| Data extracts |
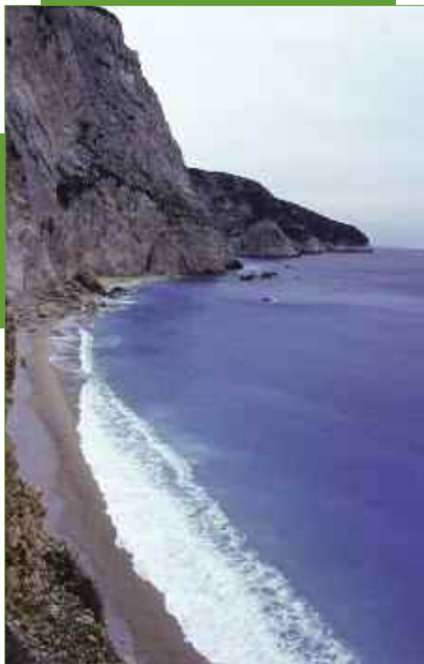
Το Πόρτο Κασίκι. Η φύση ζωγραφίζει.

Περπατώντας στα καντούνια της πόλης συναντάς το μικρό ιδιωτικό μουσείο του φωνόγραφου. Αξίζει να χαζέψεις τα σπάνια πια εκθέματά του. Εκεί όμως, που αξίζει να σταθεί κάποιος περισσότερο χρόνο είναι στο Αρχαιολογικό Μουσείο Λευκάδας. Μπροστά στα αρχαιολογικά ευρήματα ξεδιπλώνεται η πανάρχαια ιστορία του νησιού. Τα ευρήματα περιλαμβάνουν μια μεγάλη περίοδο. Από την Παλαιολιθική εποχή μέχρι τη Ρωμαϊκρατία.
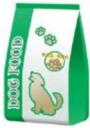
*طعام جاف، $25
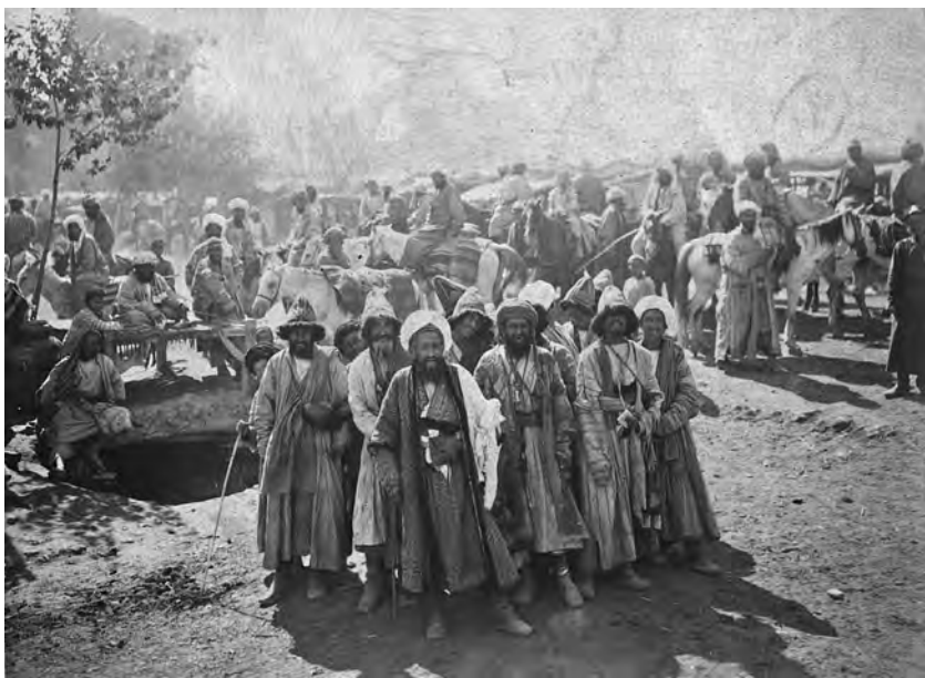
Рис. 3. Н. Н. Щербина-Крамаренко. «Дервиши. Сарты. Самарканд». Конец XIX — начало XX в. МАЭ, колл. № 1487-15

по отношению к оседлому таджико-узбекскому населению, — «оседлое население Западного Туркестана»». Дополнял коллекцию текст, написанный арабским шрифтом.

| Problem |
Please output the lines from the line that contains "Περπατώντας στα καντούνια" through the end of the records, both ends included, exactly and with no pictures.

| Response to the exercise |
Περπατώντας στα καντούνια της πόλης συναντάς το μικρό ιδιωτικό μουσείο του φωνόγραφου. Αξίζει να χαζέψεις τα σπάνια πια εκθέματά του. Εκεί όμως, που αξίζει να σταθεί κάποιος περισσότερο χρόνο είναι στο Αρχαιολογικό Μουσείο Λευκάδας. Μπροστά στα αρχαιολογικά ευρήματα ξεδιπλώνεται η πανάρχαια ιστορία του νησιού. Τα ευρήματα περιλαμβάνουν μια μεγάλη περίοδο. Από την Παλαιολιθική εποχή μέχρι τη Ρωμαϊκρατία.
*طعام جاف، $25
Рис. 3. Н. Н. Щербина-Крамаренко. «Дервиши. Сарты. Самарканд». Конец XIX — начало XX в. МАЭ, колл. № 1487-15

по отношению к оседлому таджико-узбекскому населению, — «оседлое население Западного Туркестана»». Дополнял коллекцию текст, написанный арабским шрифтом.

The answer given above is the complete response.